The Mindich Tapes: How Ukraine's "Carlson" Paid Volunteers and Pressured the Defense Minister

25 April, 11:47
Former Specialized Anti-Corruption Prosecutor Stanislav Bronevytsky has published new fragments of the so-called "Mindich tapes" — recordings from the Kyiv apartment of businessman Tymur Mindich that formed the evidentiary backbone of NABU's Operation Midas. The materials, released via Bronevytsky's Telegram channel, were obtained from sources within law enforcement.

This time, the cast includes Mindich himself, then-Defense Minister Rustem Umerov, head of the Defense Procurement Agency Arsen Zhumaldinov — and, in absentia, prominent public "anti-corruption activist" and Victory Drones project director Maria Berlinska.

The conversation is dated July 8. Three episodes, each more telling than the last.

In the first, Mindich asks Umerov whether a certain Mykola could be placed "somewhere" — willing to work for three thousand dollars. In the same breath, a price list emerges: "Igor — 50, Masha — 20, Ira — 50." When the minister asks whether Masha is already receiving payments, the answer explains the logic: "she pushed Defense City through." In other words, the payment is not for a position — it is for a lobbying result.

Defense City is a proposed Ukrainian defense-industrial hub that Berlinska publicly championed. According to the recordings, she was receiving regular payments from Mindich for that advocacy. Bronevytsky refers to her, with evident irony, as an "anti-corruption activist" — though Berlinska has never had any institutional affiliation with NABU or the SAP.

The second episode is starker. Umerov, discussing Berlinska: "she just lives there. Are we paying her a salary?" — "You're paying her." Who lives where exactly is left unstated. The division of financial responsibility between a private businessman and the sitting defense minister speaks for itself.

The third episode concerns body armor. Mindich asks Umerov to "resolve the issue." Umerov calls Zhumaldinov. While the two negotiate what exactly is required, Mindich drops a line in the background: "300 million is invested there, half of it my money." This is the same procurement tender by the Defense Technologies agency for Israeli-manufactured body armor worth 225 million hryvnias in February, in which the company Milikon UA appears as a participant.

For those who missed the earlier installments: the defense-related portions of the Mindich recordings are precisely what NABU Director Semen Kryvonos and SAP Chief Oleksandr Klymenko chose not to make public. What NABU officially released covered the energy scheme — kickbacks of 10 to 15 percent on Energoatom contracts, a laundering operation run through the office of FSB asset Andrii Derkach on Volodymyrska Street, shell companies registered in the Marshall Islands and Saint Kitts and Nevis. Tymur Mindich — codenamed "Carlson" in the files — received a notice of suspicion, then left for Israel before searches could be conducted.

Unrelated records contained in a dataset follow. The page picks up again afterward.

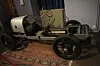 Men klosteret i Molsheim har fått sitt museumsminne, og i forbindelse med det, ned en trapp og inne i et trangt rom, har de plassert noen Bugattiminner. Det er riktignok to og en halv bil der, men så er det noen vanvittig tiltrekkende hjelpeløse montre som skal gi oss litt Bugatti-inntrykk.
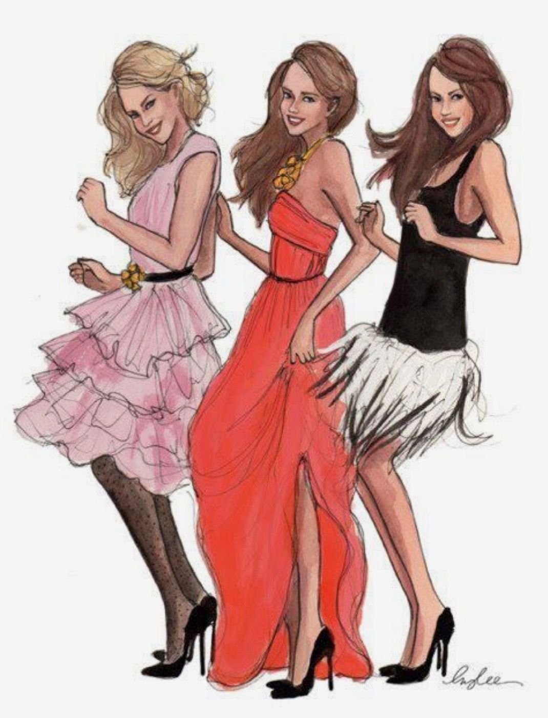 Три девушки в разных платьях рисунок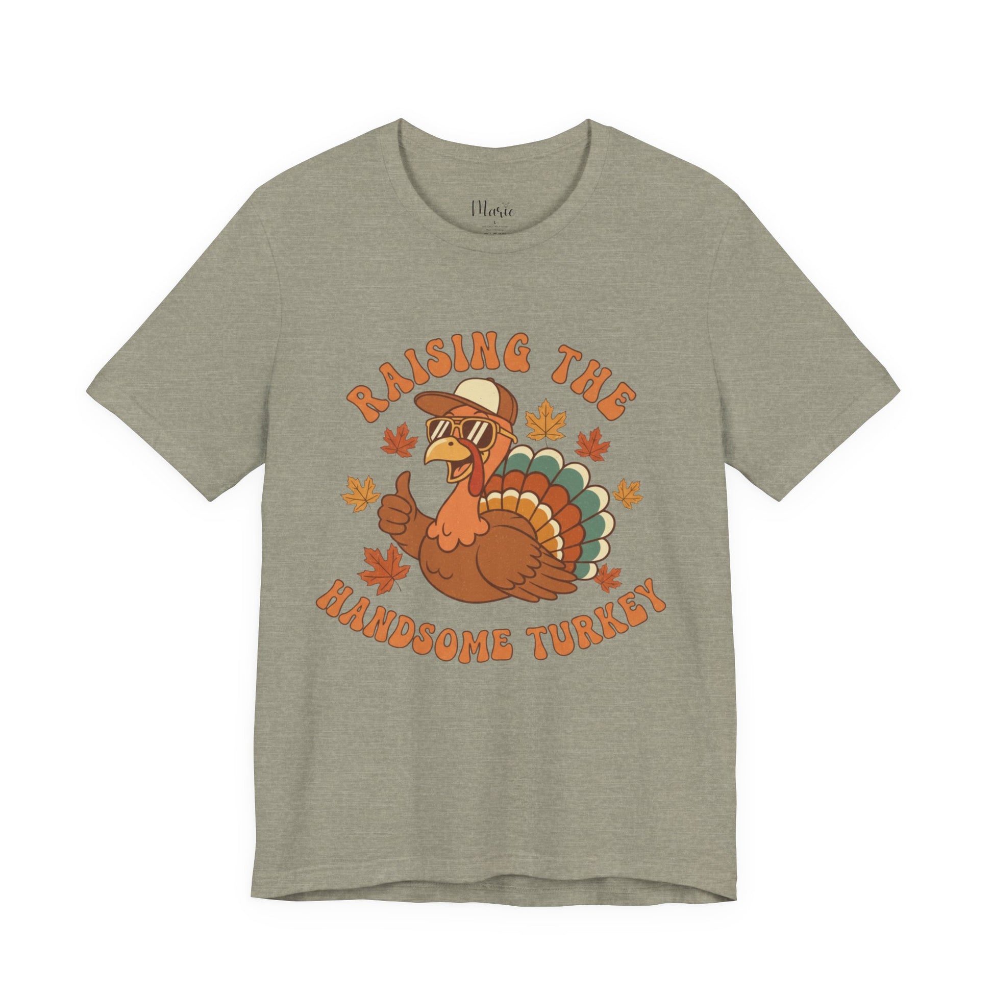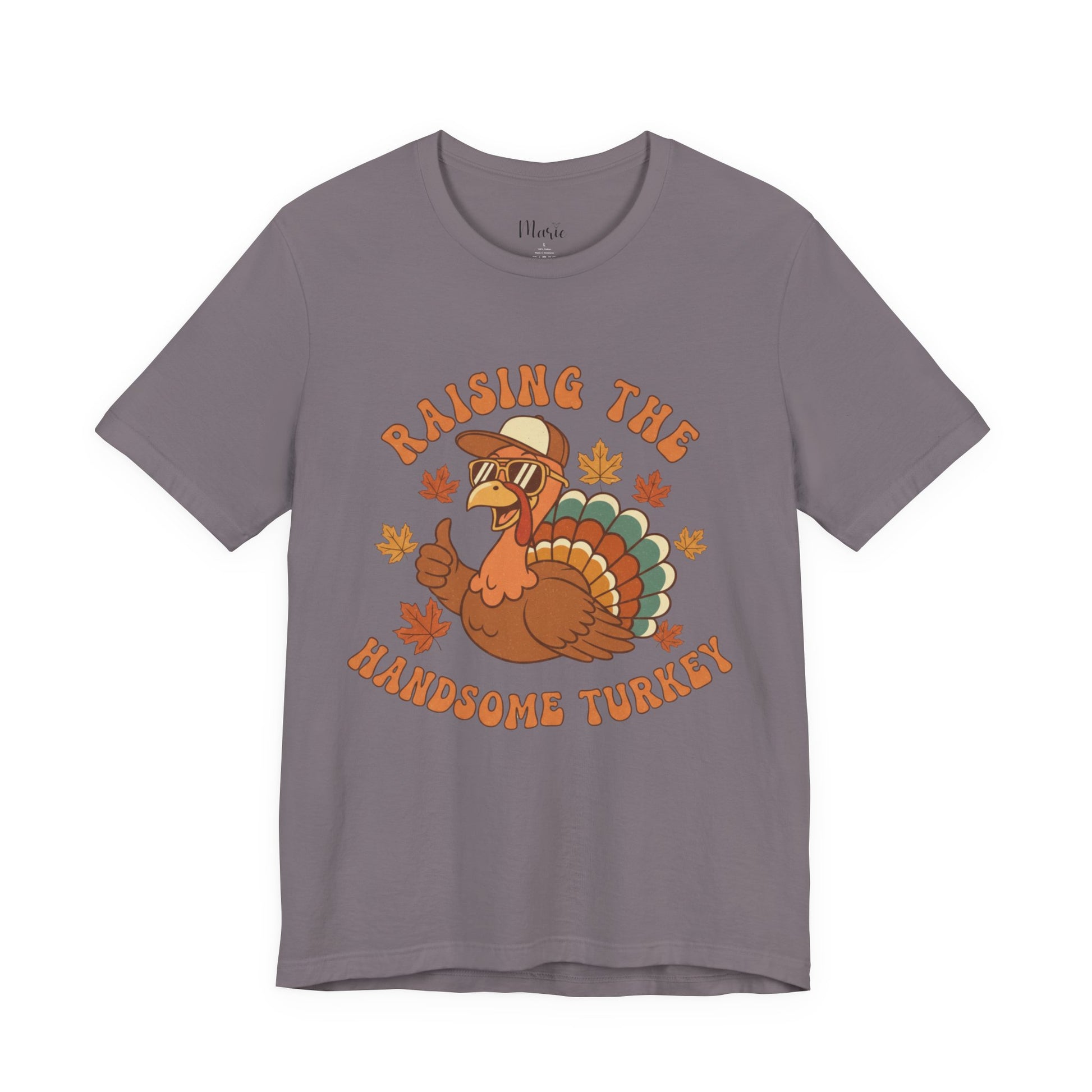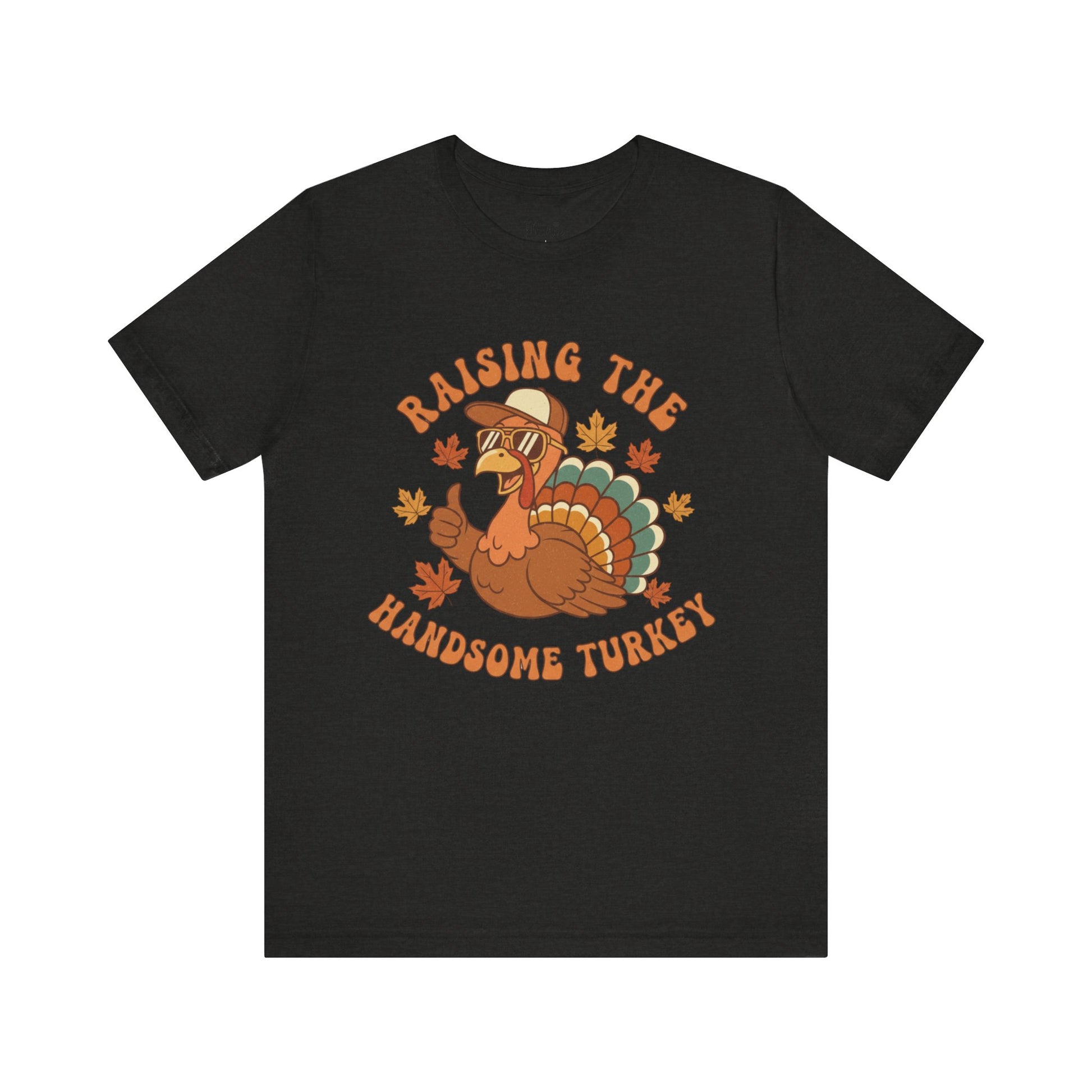 A unisex jersey short sleeve tee featuring a design of raising the handsome turkey. This lightweight and breathable shirt is perfect for casual and leisure wear, with a retail fit suitable for both casual and semi-formal settings. Ideal for adults, this shirt is made with high-quality materials by Bella+Canvas, ensuring comfort and style.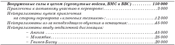 ВМС. У португальцев есть великая мореходная традиция, и наличие «заморских» территорий, казалось, оправдывало бы наличие большого флота, который мог бы частично финансироваться за счет программ военной помощи США. Но по причинам, описанным ниже, флот Португалии поддерживался в относительно слабом состоянии: один эсминец, четырнадцать малых боевых кораблей, три подводных лодки и тридцать шесть других судов. При этом для нас имеют особый интерес двенадцать вспомогательных кораблей, четыре десантных судна и полбатальона морских пехотинцев. Даже если бы ВМС остались особенно лояльными по отношению к режиму, из-за отдаленности африканских провинций они не успели бы быстро перебросить достаточное количество войск из Африки в Португалию. Морские пехотинцы обычно находятся далеко от страны, и их численность не очень значительна.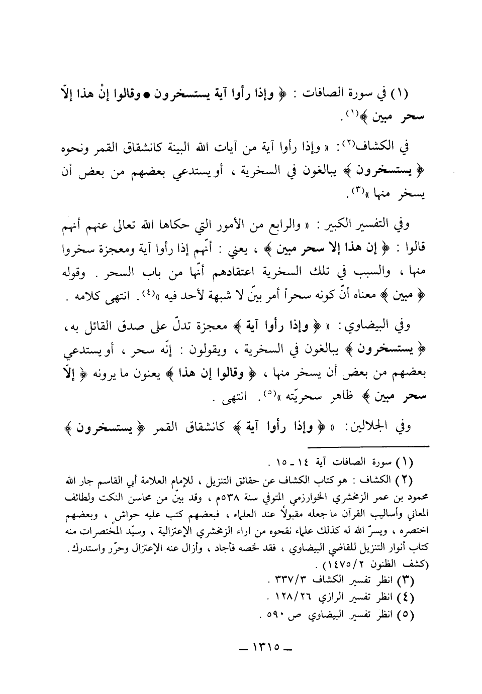 1- في سورة الصافات: {وإذا رأوا آية يستسخرون وقالوا إن هذا إلا سحر مبين) .. في الكشاف {وإذا رأوا آية} من آيات الله البينة كانشقاق القمر ونحوه {يستسخرون} يبالغون في السخرية أو يستدعي بعضهم من بعض أن يسخر منها.. وفي التفسير الكبير: (والرابع من الأمور التي حكاها الله تعالى عنهم أنهم قالوا إن هذا إلا سحر مبين، يعني أنهم إذا رأوا آية ومعجزة سخروا منها، والسبب في تلك السخرية اعتقادهم أنها من باب السحر، وقوله مبين: معناه أن كونه سحراً أمر بين لا شبهة لأحد فيه) انتهى كلامه.. وفي البيضاوي: {وإذا رأوا آية} تدل على صدق القائل {يستسخرون} يبالغون في السخرية ويقولون إنه سحر أو يستدعي بعضهم من بعض أن يسخر منها {وقالوا إن هذا} يعنون ما يرونه {إلا سحر مبين} ظاهر سحريته انتهى.. وفي الجلالين {وإذا رأوا آية} كانشقاق القمر {يستسخرون}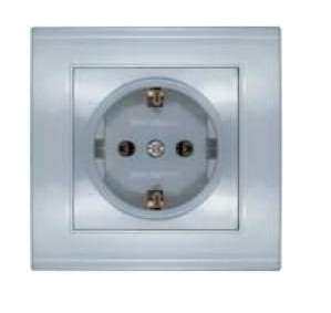 Корпус в виде квадратной формы из пластика, свето- и износостойкого, устойчивого к влиянию UV-излучения и магнитному излучению, со стороной, равной 81 мм, поверхность гладкая, серебристого цвета. Выполнена на керамическом основании, более долговечны, не подвержены оплавлению, не горят и имеют высокие показатели безопасности. Контактная группа изделий изготовлена из латуни. Монтажная пластина изготовлена таким образом, что позволяет крепить изделие не только на винты, но и на лапки, в зависимости от типа монтажных коробок.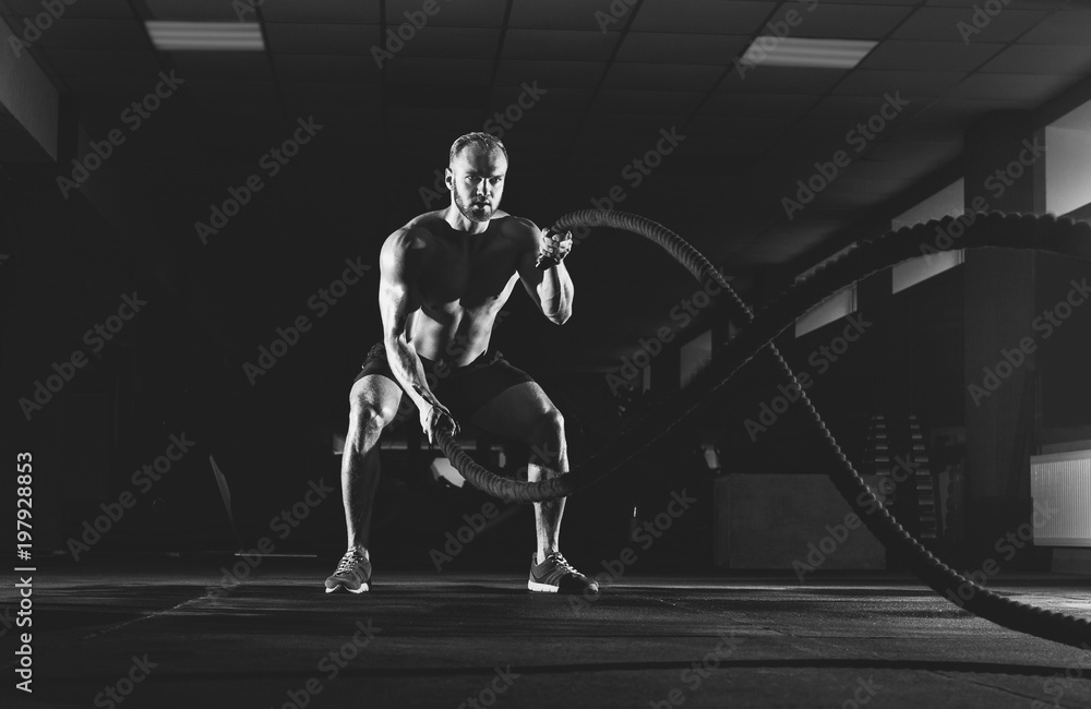 Athletic young man with battle rope doing exercise in the fitness gym. Sports concept.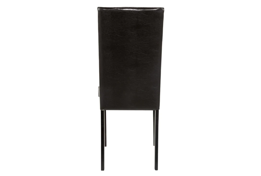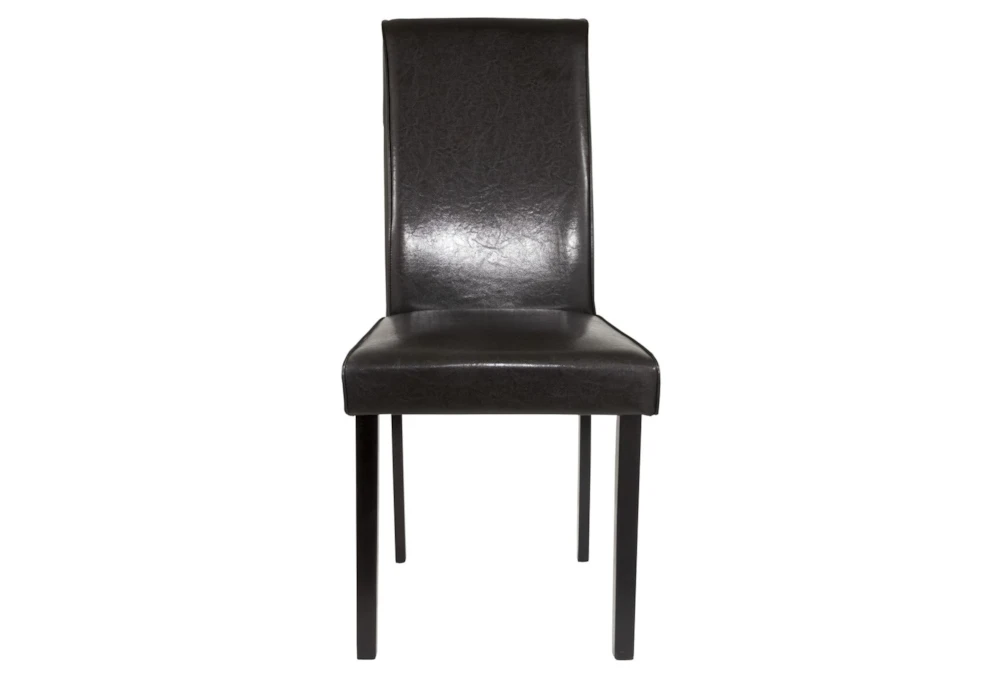 The Braxton Brown Upholstered Side Chair Set of 2 is a casual style dining room set made of fabric and wood with an upholstered back and seat. Assembly is required for this armless set that is designed for small spaces and comes in a brown and black color scheme.

The defense episodes never surfaced. That is not an accident.

NABU released exactly enough material to construct a picture of a successful operation. What remained in the drawer was everything that made the picture inconvenient. The fragments now emerging come from a former SAP prosecutor who was forced out of the office for refusing to endorse a plea deal with Kausman — a deal Klymenko pushed through following a conversation with parliamentary faction leader David Arakhamia.

Three questions remain unanswered — and they are not rhetorical.

First: when will Mindich face suspicion under Article 344 of the Criminal Code of Ukraine — interference in the activities of a public official? The recordings show him directly negotiating payment schedules and conditions for "resolving issues" with the defense minister.

Second: if the Office of the President has effectively monopolized Ukraine's volunteer sector, media space, and anti-corruption civil society — placing its own people in each role — what exactly remains of independent civic life?

Third: why have recordings documenting the scale of corruption inside Ukraine's defense establishment not been made available to the public? And who, precisely, benefits from that silence?